La société de M. Giuliani n'a pas donné de précisions sur la nature de son «travail» mais, selon le Wall Street Journal, David Matlin, un des fondateurs de la société d'investissements en obligations MatlinPatterson, veut lever plus d'un milliard de dollars pour acquérir des obligations WorldCom.

Giuliani Partners, installée à New York dans de luxueux bureaux surplombant Times Square, met notamment à la disposition de ses clients son impressionnant carnet d'adresses.

David Matlin, qui aurait déjà acheté pour plus de 300 millions de dollars de dettes du groupe de télécommunications, pourrait devenir l'un des plus gros créanciers de WorldCom et ensuite, grâce à ce levier, faire nommer Rudolph Giuliani au poste de président du conseil d'administration, affirme le quotidien financier. «Rudy», baptisé aussi «maire de l'Amérique» pour le courage et la détermination montrés dans le sillage des attaques terroristes contre le World Trade Center, s'est refusé à tout commentaire.

Le Wall Street Journal avait affirmé dès lundi que le nouveau p.-d.g. de WorldCom, Michael Capellas, souhaitait rencontrer M. Giuliani pour le faire entrer au conseil d'administration du groupe et même lui proposer le poste de président. «Nous allons voir si nous avons un rôle pour Giuliani. Nous avançons et cherchons à rassembler un conseil d'administration composé de personnalités de niveau mondial», a déclaré Michael Capellas, ex-numéro deux de Hewlett Packard nommé vendredi patron de WorldCom.

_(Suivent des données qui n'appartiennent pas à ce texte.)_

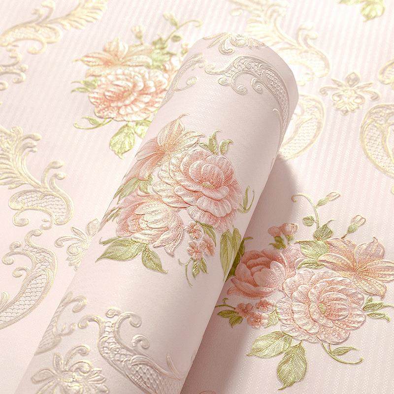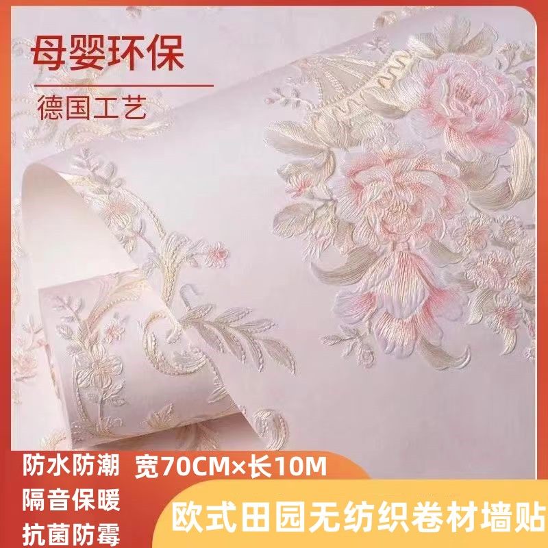 3d田园欧式花墙纸非自粘家用卧室房间立体浮雕无纺布粉色室内壁纸
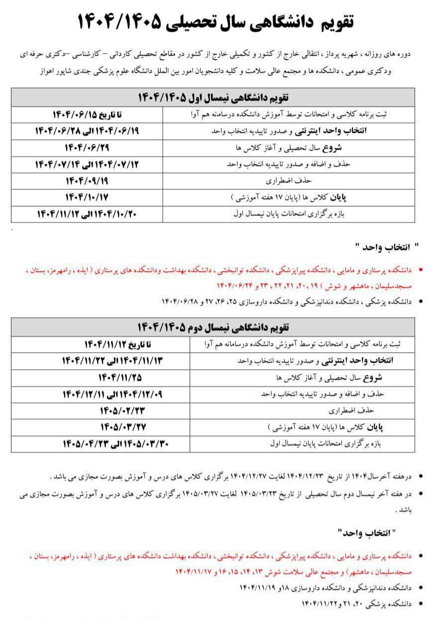 تقویم دانشگاهی نیمسال اول 1404-1405
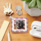Custom Photo Merry Christmas Jolly Pet Cat Kitten Pun Key Ring. A square photo keychain to celebrate your pet at Christmas. Replace the photo with your own of your fur baby; or of yourself and your pet. Add your own message or greeting using the Personalise button. A merry maximalist, geometric pattern design for Christmas. A cat mum or cat dad will love being celebrated with this bright golden yellow, festive purple and happy pinkish red patterned keyring, with a picture of their own cats or kittens. A modern take on traditional decorations. A budget friendly key fob gift for organising the home and office keys, before having a festive Christmas and Happy New Year.
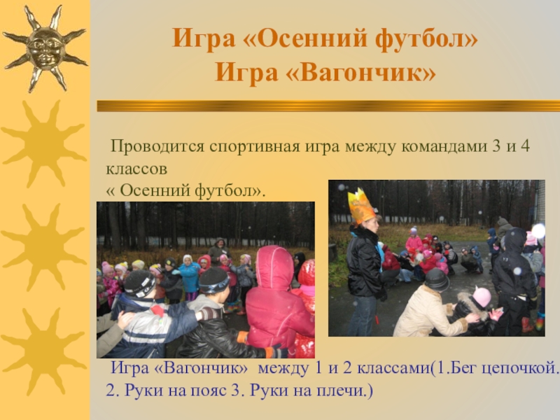 Игра «Осенний футбол»  Игра «Вагончик» Проводится спортивная игра между командами 3 и 4 классов « Осенний
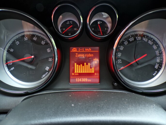 De electronic climate control zorgt voor een prettige binnentemperatuur. Voor de belangrijkste functies van het geluidssysteem hoeft u uw blik niet van de weg te halen. De audiobediening bevindt zich op het stuur. Het luxeniveau in deze Opel is niet alleen gericht op comfort, maar ook op uw veiligheid. Tal van sensoren helpen u om de omgeving in de gaten te houden. De automatisch inschakelbare verlichting zorgt dat automatisch de verlichting wordt ingeschakeld als het donker wordt, wat bijvoorbeeld in tunnels erg handig is. En de regensensor zet de ruitenwissers aan zonder dat u eraan hoeft te denken. De cruise control heeft een feilloos geheugen. Als u even vaart heeft geminderd, bent u na één klik weer op de oude snelheid. Natuurlijk behoren automatisch dimmende binnenspiegel, lederen stuur, boordcomputer en lederen versnellingspook ook tot de uitrusting van deze complete auto.
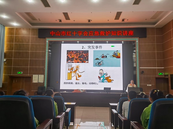 講座中,高老師向同學們講解了校園安全、防災避險緊急呼救、逃生技巧、預防溺水等知識。通過案例分析、知識問答、情景模擬等形式,圍繞日常生活中可能遇到的各種危險或自然災害,高老師生動地為學生講解了相關應急救護知識,告訴學生在遇到緊急情況應當怎么做,從而達到增強自我保護意識的目的。
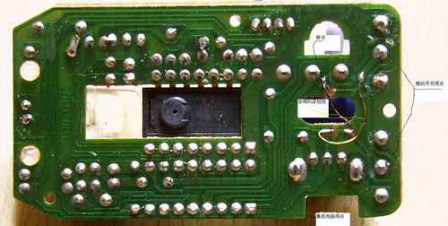 按圖1所示,在線路板上找到左右鍵微動開關在電路板上連接至控制芯片的信號線,將它們用小刀割斷,然后將兩個微動開關至控制芯片的接線對調,即按圖中虛線所示接兩根短線(這里用的是漆包線)即可。本人分別按此法改過兩個鼠標(光電、機械各一個)均已成功。
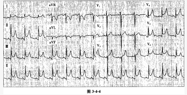 患者男性,35岁,因胸痛、咳嗽2天就诊,急查心电图如图3-4-4所示。心肌坏死标志物正常,超声心动图提示少许心包积液,临床诊断为急性心包炎。
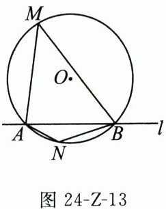 16. 如图24-Z-13所示,$\odot O$的半径是2,直线$l$与$\odot O$相交于$A$,$B$两点,$M$,$N$是$\odot O$上的两个动点,且在直线$l$的异侧.若$\angle AMB = 45^{\circ}$,则四边形$MANB$面积的最大值是________.
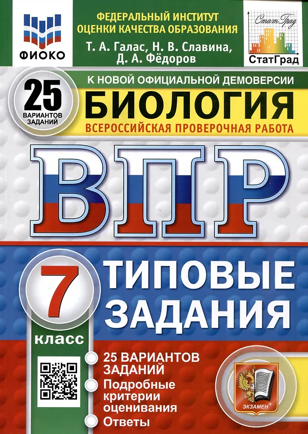 Данное пособие полностью соответствует федеральному государственному образовательному стандарту. Книга содержит 25 вариантов типовых заданий Всероссийской проверочной работы (ВПР) по биологии для учащихся 7-х классов. Сборник предназначен учащимся 7-х классов, учителям и методистам, использующим типовые задания для подготовки к Всероссийской проверочной работе по биологии.
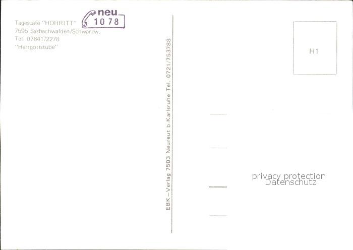 72226865 Sasbachwalden Tagescafe Hohritt Herrgottstube postalisch nicht gelaufen Erhaltung siehe scans KatCode: 11110008317118
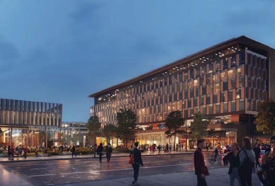 Proposed development of the 14-acre High Street parking lot to include grocery store, parking garage, residential, office, hotel and entertainment venue.
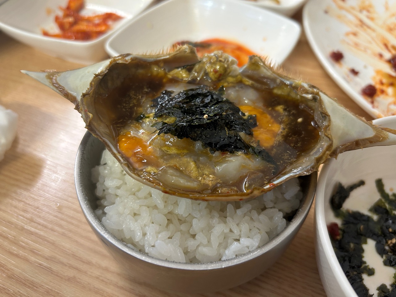 カニの味付けが自分に合っていて、パンチャンも美味しいんです。

Le héros de l'Amérique n'a pas parlé mais Giuliani Partners a souligné son souhait «de faire une contribution positive pour WorldCom, ses employés et ses clients», en travaillant notamment «sur un modèle de gouvernement d'entreprise que le groupe pourrait utiliser lorsqu'il sortira de la faillite».

WorldCom, deuxième groupe américain de télécommunications longue distance, s'est placé en juillet dernier sous la protection de la loi sur les faillites à la suite de la découverte de manipulations comptables dépassant les neuf milliards de dollars. Il s'agit de la plus grosse banqueroute de l'histoire américaine.

Redresser l'image

L'arrivée de M. Giuliani à WorldCom serait la bienvenue pour redresser l'image du groupe sérieusement ternie par les scandales. À défaut d'une grande expérience du monde des affaires, l'ex-maire de New York apporterait, outre ses relations, son image d'homme intègre. Avant même de diriger New York, M. Giuliani, alors procureur fédéral de Manhattan, s'était fait connaître pour sa lutte acharnée contre la mafia.

Michael Capellas a promis de faire sortir «aussi rapidement que possible» de la faillite le géant des télécommunications, en bâtissant un WorldCom nouveau fondé avant tout sur l'intégrité de sa direction. La participation de «Rudy» au sauvetage de WorldCom lui donnerait encore un peu plus de popularité et davantage de «carrure» dans l'attente d'un très probable retour à une carrière politique.